# Information given:
= Beginning of Section =

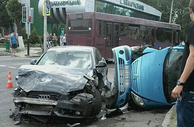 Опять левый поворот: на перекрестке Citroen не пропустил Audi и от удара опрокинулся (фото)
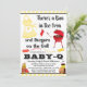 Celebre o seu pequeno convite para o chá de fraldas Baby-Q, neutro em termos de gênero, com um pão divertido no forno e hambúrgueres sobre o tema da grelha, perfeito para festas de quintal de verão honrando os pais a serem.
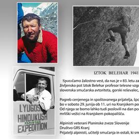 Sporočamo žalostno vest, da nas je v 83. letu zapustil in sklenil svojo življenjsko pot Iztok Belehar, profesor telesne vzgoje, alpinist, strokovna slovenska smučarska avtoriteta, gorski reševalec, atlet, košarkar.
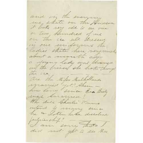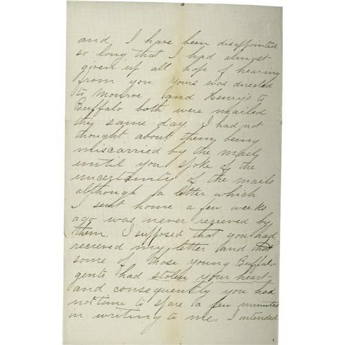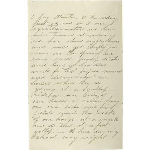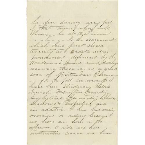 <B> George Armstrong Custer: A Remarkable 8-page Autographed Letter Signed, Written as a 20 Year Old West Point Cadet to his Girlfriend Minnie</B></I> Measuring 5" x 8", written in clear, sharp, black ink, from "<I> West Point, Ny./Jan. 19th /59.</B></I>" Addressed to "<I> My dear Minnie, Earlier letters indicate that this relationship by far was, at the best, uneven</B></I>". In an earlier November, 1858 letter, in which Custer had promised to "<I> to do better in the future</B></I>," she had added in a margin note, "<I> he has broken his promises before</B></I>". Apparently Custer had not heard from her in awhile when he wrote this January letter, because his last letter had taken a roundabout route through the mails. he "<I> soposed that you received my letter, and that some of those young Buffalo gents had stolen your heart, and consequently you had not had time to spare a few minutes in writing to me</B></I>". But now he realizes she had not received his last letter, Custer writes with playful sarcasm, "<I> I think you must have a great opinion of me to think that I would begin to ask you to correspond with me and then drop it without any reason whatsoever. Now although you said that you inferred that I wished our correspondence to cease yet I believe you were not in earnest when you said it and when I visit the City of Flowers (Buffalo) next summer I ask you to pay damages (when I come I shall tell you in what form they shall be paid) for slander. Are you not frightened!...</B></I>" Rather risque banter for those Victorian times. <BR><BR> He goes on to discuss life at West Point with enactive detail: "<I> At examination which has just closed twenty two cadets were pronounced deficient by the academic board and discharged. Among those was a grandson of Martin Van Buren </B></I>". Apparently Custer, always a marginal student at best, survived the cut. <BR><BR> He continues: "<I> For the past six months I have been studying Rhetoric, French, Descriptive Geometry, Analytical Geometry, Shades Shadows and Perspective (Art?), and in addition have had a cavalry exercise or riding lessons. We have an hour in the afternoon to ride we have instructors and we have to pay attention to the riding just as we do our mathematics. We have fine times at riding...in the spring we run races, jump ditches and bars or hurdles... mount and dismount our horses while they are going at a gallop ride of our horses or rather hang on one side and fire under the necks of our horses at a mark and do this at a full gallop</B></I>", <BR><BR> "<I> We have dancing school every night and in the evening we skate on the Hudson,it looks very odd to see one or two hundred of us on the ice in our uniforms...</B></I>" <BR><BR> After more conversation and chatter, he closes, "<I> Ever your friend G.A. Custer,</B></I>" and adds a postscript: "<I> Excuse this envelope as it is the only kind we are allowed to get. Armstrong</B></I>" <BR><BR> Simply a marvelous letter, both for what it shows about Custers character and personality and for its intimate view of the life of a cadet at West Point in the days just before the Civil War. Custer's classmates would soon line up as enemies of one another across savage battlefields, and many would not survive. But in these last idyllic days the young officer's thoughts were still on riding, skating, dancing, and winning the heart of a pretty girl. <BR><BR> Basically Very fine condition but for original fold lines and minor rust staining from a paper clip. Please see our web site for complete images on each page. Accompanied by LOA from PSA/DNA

= End of Section =
= Beginning of Section =

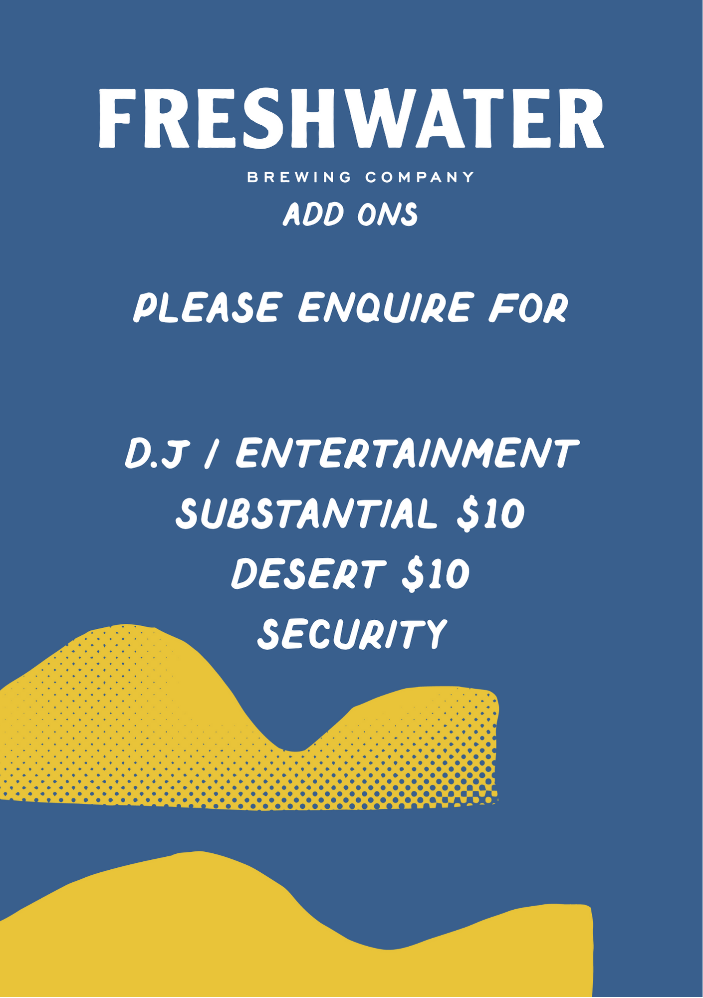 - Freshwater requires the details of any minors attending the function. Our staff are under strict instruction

= End of Section =

# Exercise:
Now transcribe the lines above exactly, starting at the line containing "Опять левый поворот: на" and ending at the line containing "Sporočamo žalostno vest, da", both lines included, pictures excluded.

# Final answer:
 Опять левый поворот: на перекрестке Citroen не пропустил Audi и от удара опрокинулся (фото)
 Celebre o seu pequeno convite para o chá de fraldas Baby-Q, neutro em termos de gênero, com um pão divertido no forno e hambúrgueres sobre o tema da grelha, perfeito para festas de quintal de verão honrando os pais a serem.
 Sporočamo žalostno vest, da nas je v 83. letu zapustil in sklenil svojo življenjsko pot Iztok Belehar, profesor telesne vzgoje, alpinist, strokovna slovenska smučarska avtoriteta, gorski reševalec, atlet, košarkar.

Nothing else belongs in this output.